The best way to increase Hong Kongers' identification with the Chinese nation, is to enhance the prosperity of Mainland China. Democracy and progress are like the fable "The North Wind and the Sun." Hong Kongers are willing to be Chinese, identify with China, and take pride in being Chinese. But the government has adopted a "North Wind" strategy. It has called for unified teaching guidelines, standard textbooks, and school sanctions against teachers who refuse to cooperate. Such administrative high-handedness is bound to provoke a backlash.

One thing in particular angers Hong Kongers. The Hong Kong Department of Education written lesson guidelines includes numerous teaching examples. One example addresses the national flag. It reads, "When the national flag is raised, I feel truly excited. At such a moment, I feel proud to be Chinese ... My eyes tear up. What an exciting moment!" One young father who participated in the protest said, "Suppose my children read this lesson, then saw me fail to weep during the raising of the five-star flag? Would they report me to the authorities for lack of patriotism?"
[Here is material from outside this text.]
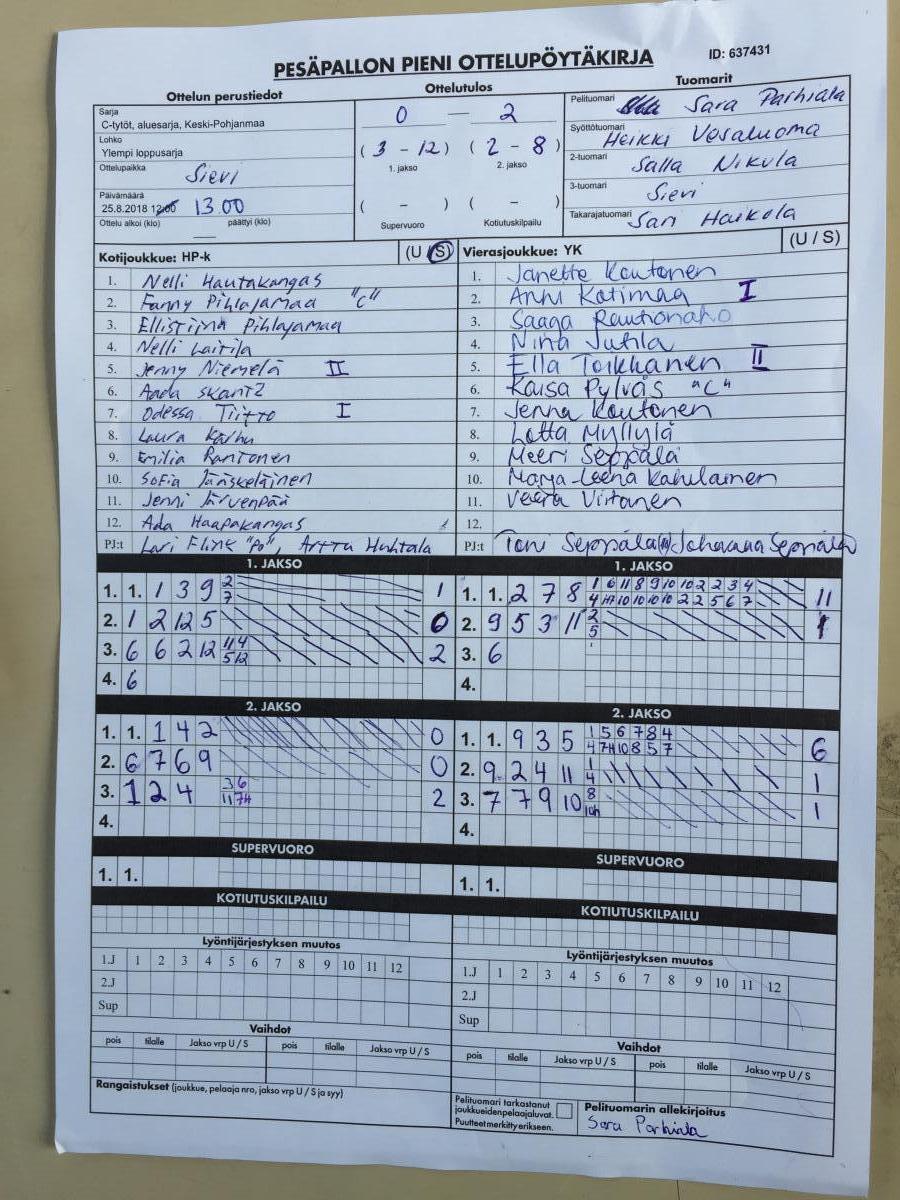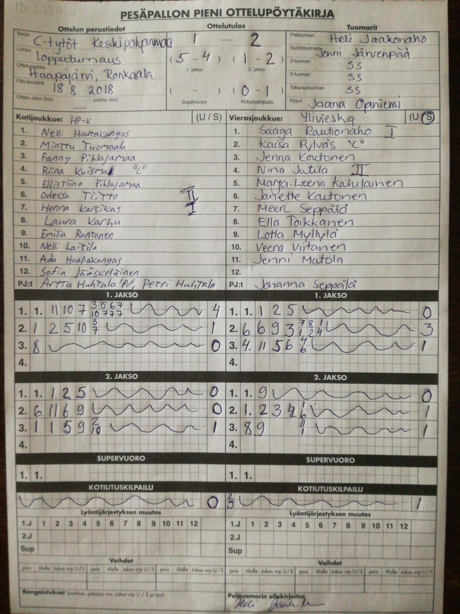 | 18.7.2018 | Toholammin Urheilijat | HP-k | 1-2 (5-7, 5-3, 0-1) | näytä | |

Does linking "patriotism" to such details really contribute to a stronger sense of national identity or righteous patriotism? It is highly doubtful. By contrast, when Hong Kongers are asked whether they are "Hong Kongers" or "Chinese," they instinctively answer "Hong Kongers." Does this mean they do not identify with China? Hong Kong culture is different from Mainland culture. Hong Kong was colonized by Great Britain for half a century. Hong Kong is heterogeneous. These facts must be respected. This does not mean Hong Kongers should be perceived as "aliens." This does not mean they should be transformed and remoulded. Why are Hong Kongers not Chinese? Who can say that Hong Kongers are not sufficiently "Chinese?"

Only 17% of Hong Kongers consider themselves "Chinese." Following the "Oppose National Education" demonstrations, can the pro-Bejing establishment retain the upper hand in Legislative Council elections? Beijng probably ought to take a closer look. In recent years, Hong Kongers' "Hong Konger consciousness" has increased. This reflects concerns about the loss of Hong Kong's unique characteristics and autonomy. In response, Beijing ought to make concessions. It ought to give Hong Kongers more space. It should not speculate about their lack of patriotism or attempt to impose improper constraints.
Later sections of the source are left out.